WHAT TO WORK ON: Among the entries, find the lines with the string "diǎn" and report them.
[DATASET EXCERPTS Boundary: Start]
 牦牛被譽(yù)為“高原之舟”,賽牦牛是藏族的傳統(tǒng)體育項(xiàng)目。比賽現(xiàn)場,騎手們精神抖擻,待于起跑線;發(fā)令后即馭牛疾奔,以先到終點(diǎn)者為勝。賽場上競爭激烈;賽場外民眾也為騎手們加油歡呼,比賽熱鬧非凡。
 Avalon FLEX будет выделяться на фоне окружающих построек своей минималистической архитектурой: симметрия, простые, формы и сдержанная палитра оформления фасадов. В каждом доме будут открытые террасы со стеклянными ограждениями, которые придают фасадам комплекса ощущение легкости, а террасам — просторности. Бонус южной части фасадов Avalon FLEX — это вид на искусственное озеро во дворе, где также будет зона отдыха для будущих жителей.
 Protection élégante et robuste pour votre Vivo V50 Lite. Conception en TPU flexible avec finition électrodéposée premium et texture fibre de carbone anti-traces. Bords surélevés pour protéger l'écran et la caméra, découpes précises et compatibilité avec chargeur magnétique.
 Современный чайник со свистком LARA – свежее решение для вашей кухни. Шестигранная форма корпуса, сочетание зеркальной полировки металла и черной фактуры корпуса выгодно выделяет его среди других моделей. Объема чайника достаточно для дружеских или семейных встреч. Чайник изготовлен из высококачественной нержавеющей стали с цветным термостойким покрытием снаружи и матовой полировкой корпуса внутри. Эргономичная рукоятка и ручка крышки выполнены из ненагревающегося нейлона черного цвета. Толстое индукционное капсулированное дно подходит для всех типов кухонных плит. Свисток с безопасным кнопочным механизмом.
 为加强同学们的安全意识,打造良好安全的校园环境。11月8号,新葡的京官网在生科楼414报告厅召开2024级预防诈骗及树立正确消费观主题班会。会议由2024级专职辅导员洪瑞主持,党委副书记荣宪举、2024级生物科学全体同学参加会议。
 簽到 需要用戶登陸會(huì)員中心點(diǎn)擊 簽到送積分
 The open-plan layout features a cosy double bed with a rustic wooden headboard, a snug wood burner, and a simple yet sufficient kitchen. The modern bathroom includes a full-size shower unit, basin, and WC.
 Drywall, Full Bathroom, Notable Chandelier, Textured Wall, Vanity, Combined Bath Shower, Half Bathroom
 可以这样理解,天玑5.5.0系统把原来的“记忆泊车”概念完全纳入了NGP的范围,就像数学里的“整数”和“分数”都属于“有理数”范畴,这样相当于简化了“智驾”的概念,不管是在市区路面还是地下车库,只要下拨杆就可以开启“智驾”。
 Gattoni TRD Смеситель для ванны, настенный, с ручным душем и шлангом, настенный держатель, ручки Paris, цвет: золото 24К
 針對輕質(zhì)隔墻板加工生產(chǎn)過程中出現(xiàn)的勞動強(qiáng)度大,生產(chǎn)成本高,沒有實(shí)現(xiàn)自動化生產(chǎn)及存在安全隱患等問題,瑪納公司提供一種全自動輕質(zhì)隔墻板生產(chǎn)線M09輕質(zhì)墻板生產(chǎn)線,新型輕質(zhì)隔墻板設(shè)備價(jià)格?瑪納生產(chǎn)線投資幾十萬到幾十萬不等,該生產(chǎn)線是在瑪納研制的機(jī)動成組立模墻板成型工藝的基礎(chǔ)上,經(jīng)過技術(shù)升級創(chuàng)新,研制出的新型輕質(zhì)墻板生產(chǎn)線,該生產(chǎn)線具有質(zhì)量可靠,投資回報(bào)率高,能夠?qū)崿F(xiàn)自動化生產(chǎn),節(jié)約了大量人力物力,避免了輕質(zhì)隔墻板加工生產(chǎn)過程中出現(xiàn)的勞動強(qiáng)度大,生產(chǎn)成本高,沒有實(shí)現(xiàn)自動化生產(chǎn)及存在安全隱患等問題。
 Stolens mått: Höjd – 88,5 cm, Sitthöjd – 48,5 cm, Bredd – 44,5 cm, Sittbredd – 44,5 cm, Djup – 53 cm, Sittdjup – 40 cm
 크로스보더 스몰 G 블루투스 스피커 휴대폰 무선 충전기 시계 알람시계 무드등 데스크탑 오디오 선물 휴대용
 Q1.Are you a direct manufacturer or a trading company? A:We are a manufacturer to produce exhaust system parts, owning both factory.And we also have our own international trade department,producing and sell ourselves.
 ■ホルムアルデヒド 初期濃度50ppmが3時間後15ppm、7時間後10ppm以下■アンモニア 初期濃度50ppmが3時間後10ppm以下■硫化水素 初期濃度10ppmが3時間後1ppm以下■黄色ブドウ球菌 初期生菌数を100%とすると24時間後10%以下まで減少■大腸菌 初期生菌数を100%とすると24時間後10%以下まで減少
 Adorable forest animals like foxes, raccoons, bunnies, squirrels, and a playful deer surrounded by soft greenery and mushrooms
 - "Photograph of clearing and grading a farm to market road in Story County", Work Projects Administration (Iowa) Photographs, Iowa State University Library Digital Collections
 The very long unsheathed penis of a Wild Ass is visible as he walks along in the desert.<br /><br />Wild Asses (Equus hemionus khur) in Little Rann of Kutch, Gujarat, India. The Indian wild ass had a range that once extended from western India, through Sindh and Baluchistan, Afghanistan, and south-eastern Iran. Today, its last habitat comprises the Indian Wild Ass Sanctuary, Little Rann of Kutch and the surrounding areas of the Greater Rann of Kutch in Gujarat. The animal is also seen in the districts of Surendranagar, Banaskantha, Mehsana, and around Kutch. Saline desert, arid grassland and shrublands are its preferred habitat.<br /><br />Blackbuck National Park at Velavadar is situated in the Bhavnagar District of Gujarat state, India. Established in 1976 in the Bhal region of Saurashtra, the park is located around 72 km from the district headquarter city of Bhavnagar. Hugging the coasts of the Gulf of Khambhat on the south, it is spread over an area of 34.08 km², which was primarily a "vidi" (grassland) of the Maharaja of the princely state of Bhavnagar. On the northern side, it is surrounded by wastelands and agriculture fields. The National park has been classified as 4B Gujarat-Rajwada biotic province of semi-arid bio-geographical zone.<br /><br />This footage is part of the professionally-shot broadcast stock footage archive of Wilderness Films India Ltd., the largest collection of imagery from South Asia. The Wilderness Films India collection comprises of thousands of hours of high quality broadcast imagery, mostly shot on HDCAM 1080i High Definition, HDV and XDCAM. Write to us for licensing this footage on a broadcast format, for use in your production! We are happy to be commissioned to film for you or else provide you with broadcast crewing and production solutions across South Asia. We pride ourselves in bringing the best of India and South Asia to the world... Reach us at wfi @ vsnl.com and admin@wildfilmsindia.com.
[DATASET EXCERPTS Boundary: End]
THE COMPLETED TASK:
 牦牛被譽(yù)為“高原之舟”,賽牦牛是藏族的傳統(tǒng)體育項(xiàng)目。比賽現(xiàn)場,騎手們精神抖擻,待于起跑線;發(fā)令后即馭牛疾奔,以先到終點(diǎn)者為勝。賽場上競爭激烈;賽場外民眾也為騎手們加油歡呼,比賽熱鬧非凡。
 簽到 需要用戶登陸會(huì)員中心點(diǎn)擊 簽到送積分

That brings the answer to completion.